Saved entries
* * *
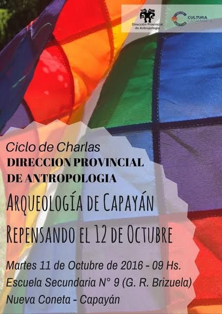 Continuando con el Ciclo de Charlas de la Dirección Provincial de Antropología, este martes 11 de octubre, a las 9 hs., se realizará en la Escuela Secundaria N° 9 “Guillermo Ramón Brizuela” de la localidad de Nueva Coneta, Departamento Capayán, la presentación "Arqueología de Capayán - Repensando el 12 de Octubre" a cargo profesionales de la Dirección Provincial de Antropología.
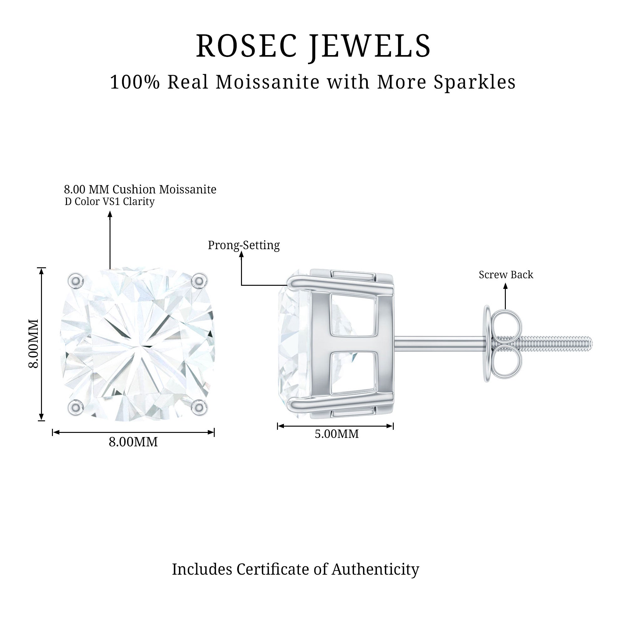 6.25 CT Cushion Cut Moissanite Solitaire Stud Earrings
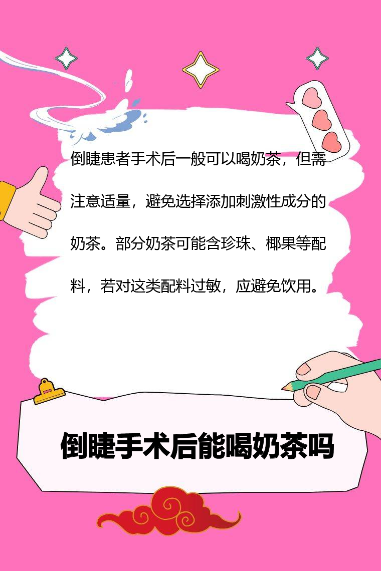 倒睫患者手术后一般可以喝奶茶,但需注意适量,避免选择添加刺激性成分的奶茶。
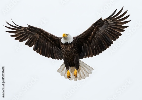 © LUCKY, Fototapeta premium A bald eagle soars through the sky with its wings fully extended against a white background above
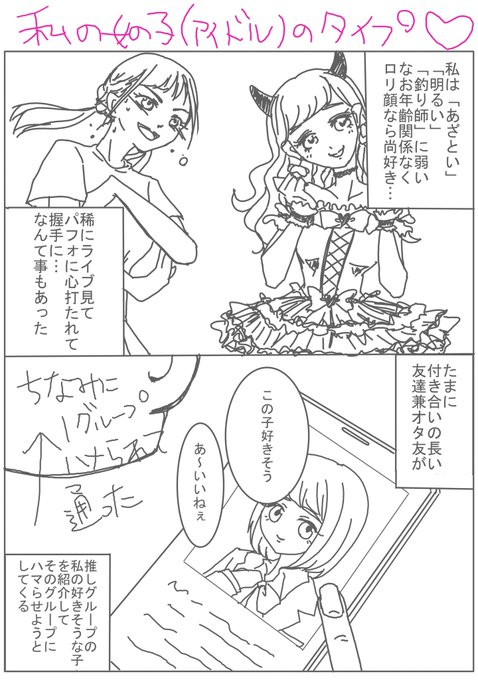 5年以上現場オタ(乃木坂・48)した 女アイドルオタの偏見にまみれた 女アイドルオタクのあるある④ 私の女の子(アイドル)のタイプ 好きになったらとことん尽くします #アイドル #アイドルのいる生活 #漫画が読めるハッシュタグ #マンガが読めるハッシュタグ
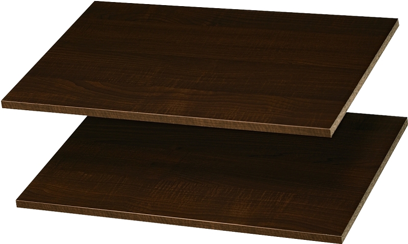 Adjustable shelves rest on included pins or can be secured in place. Contains two shelves, can be cut to desired size if needed. Scratch and moisture-resistant surface. Hardware is included.
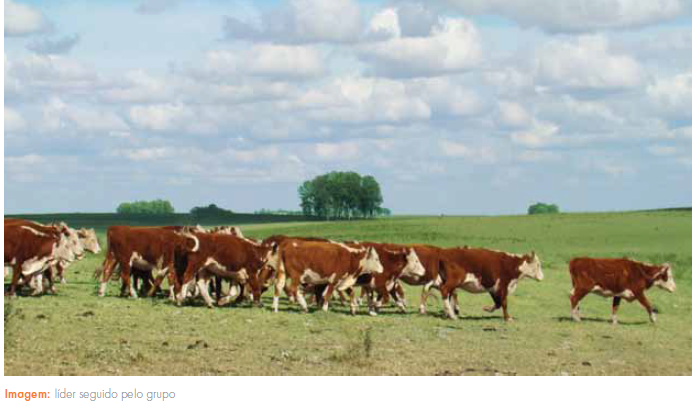 A liderança está presente no grupo dos bovinos. Um animal líder é aquele que é seguido pelos demais quando se desloca à procura de água, sombra, área de pastagem ou outro recurso. Normalmente, os líderes são fêmeas mais velhas na espécie bovina, no entanto o movimento do grupo pode ser iniciado por diferentes animais, em diversas circunstâncias.
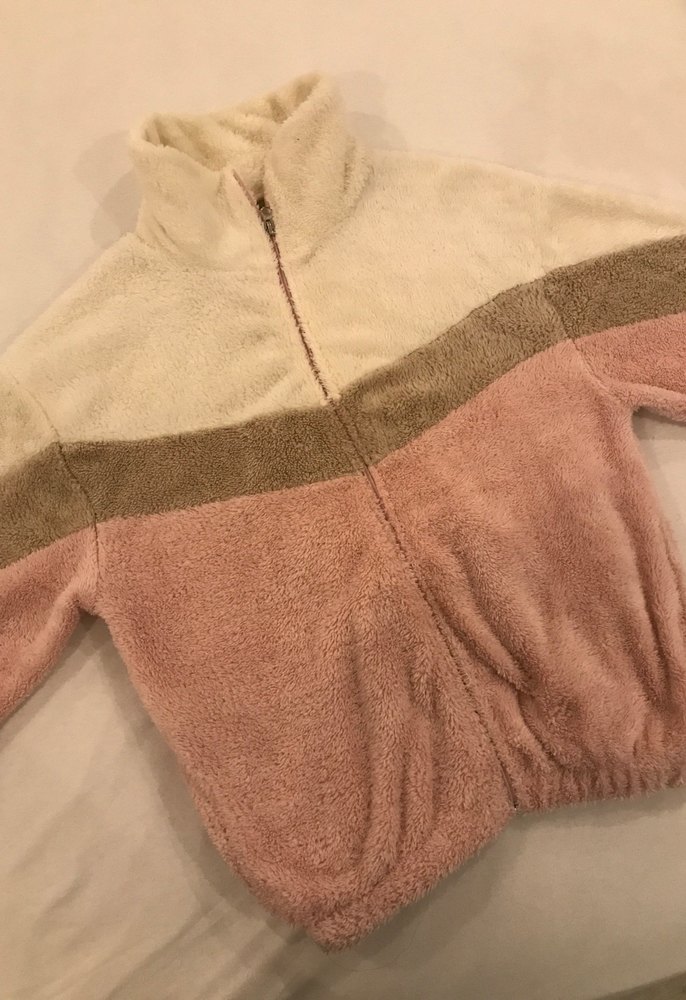 Yumuşak ve sıcak kumaştan yapılmış, yüksek yakalı ve uzun kollu kadın bej peluş ceket. Gevşek kesimi ve pastel bej, kahverengi, pembe renkleriyle rahat sokak stili için uygundur.
* * *
▸ What is needed: Transcribe all the lines above exactly, apart from the pictures.

▸ Solution:
 Continuando con el Ciclo de Charlas de la Dirección Provincial de Antropología, este martes 11 de octubre, a las 9 hs., se realizará en la Escuela Secundaria N° 9 “Guillermo Ramón Brizuela” de la localidad de Nueva Coneta, Departamento Capayán, la presentación "Arqueología de Capayán - Repensando el 12 de Octubre" a cargo profesionales de la Dirección Provincial de Antropología.
 6.25 CT Cushion Cut Moissanite Solitaire Stud Earrings
 倒睫患者手术后一般可以喝奶茶,但需注意适量,避免选择添加刺激性成分的奶茶。
 © LUCKY, Fototapeta premium A bald eagle soars through the sky with its wings fully extended against a white background above
 5年以上現場オタ(乃木坂・48)した 女アイドルオタの偏見にまみれた 女アイドルオタクのあるある④ 私の女の子(アイドル)のタイプ 好きになったらとことん尽くします #アイドル #アイドルのいる生活 #漫画が読めるハッシュタグ #マンガが読めるハッシュタグ
 Adjustable shelves rest on included pins or can be secured in place. Contains two shelves, can be cut to desired size if needed. Scratch and moisture-resistant surface. Hardware is included.
 A liderança está presente no grupo dos bovinos. Um animal líder é aquele que é seguido pelos demais quando se desloca à procura de água, sombra, área de pastagem ou outro recurso. Normalmente, os líderes são fêmeas mais velhas na espécie bovina, no entanto o movimento do grupo pode ser iniciado por diferentes animais, em diversas circunstâncias.
 Yumuşak ve sıcak kumaştan yapılmış, yüksek yakalı ve uzun kollu kadın bej peluş ceket. Gevşek kesimi ve pastel bej, kahverengi, pembe renkleriyle rahat sokak stili için uygundur.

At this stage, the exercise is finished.